--- START ---
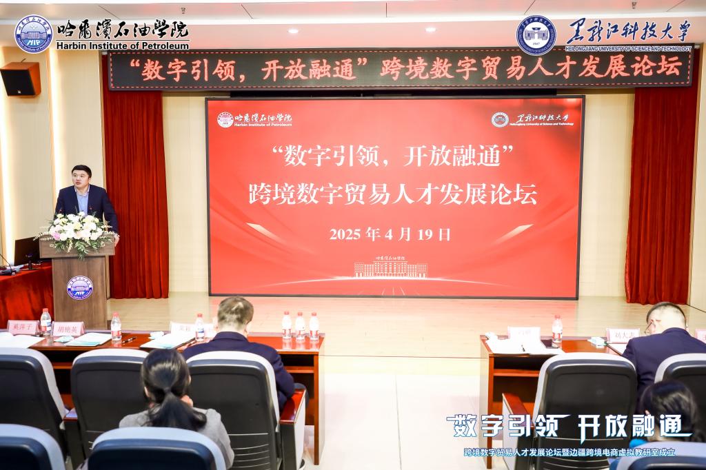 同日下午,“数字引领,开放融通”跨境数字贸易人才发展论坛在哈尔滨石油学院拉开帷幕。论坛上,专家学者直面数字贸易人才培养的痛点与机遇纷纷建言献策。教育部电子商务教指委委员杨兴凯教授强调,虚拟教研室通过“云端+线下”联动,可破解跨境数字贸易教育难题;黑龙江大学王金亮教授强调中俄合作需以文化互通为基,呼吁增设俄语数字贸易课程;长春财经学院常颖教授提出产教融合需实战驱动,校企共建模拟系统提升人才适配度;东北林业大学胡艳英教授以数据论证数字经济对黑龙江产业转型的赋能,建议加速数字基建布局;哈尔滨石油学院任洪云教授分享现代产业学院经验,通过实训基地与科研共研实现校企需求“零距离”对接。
--- END ---
--- START ---
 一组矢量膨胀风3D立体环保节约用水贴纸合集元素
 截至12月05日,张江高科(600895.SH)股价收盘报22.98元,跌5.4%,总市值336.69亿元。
--- END ---
### TASK
Please give an exact copy of the entries above, from the line with "一组矢量膨胀风3D立体环保节约用水贴纸合集元素" down to the line with "截至12月05日,张江高科(600895", inclusive, and nothing else.

### RESULT OF THIS TASK
 一组矢量膨胀风3D立体环保节约用水贴纸合集元素
 截至12月05日,张江高科(600895.SH)股价收盘报22.98元,跌5.4%,总市值336.69亿元。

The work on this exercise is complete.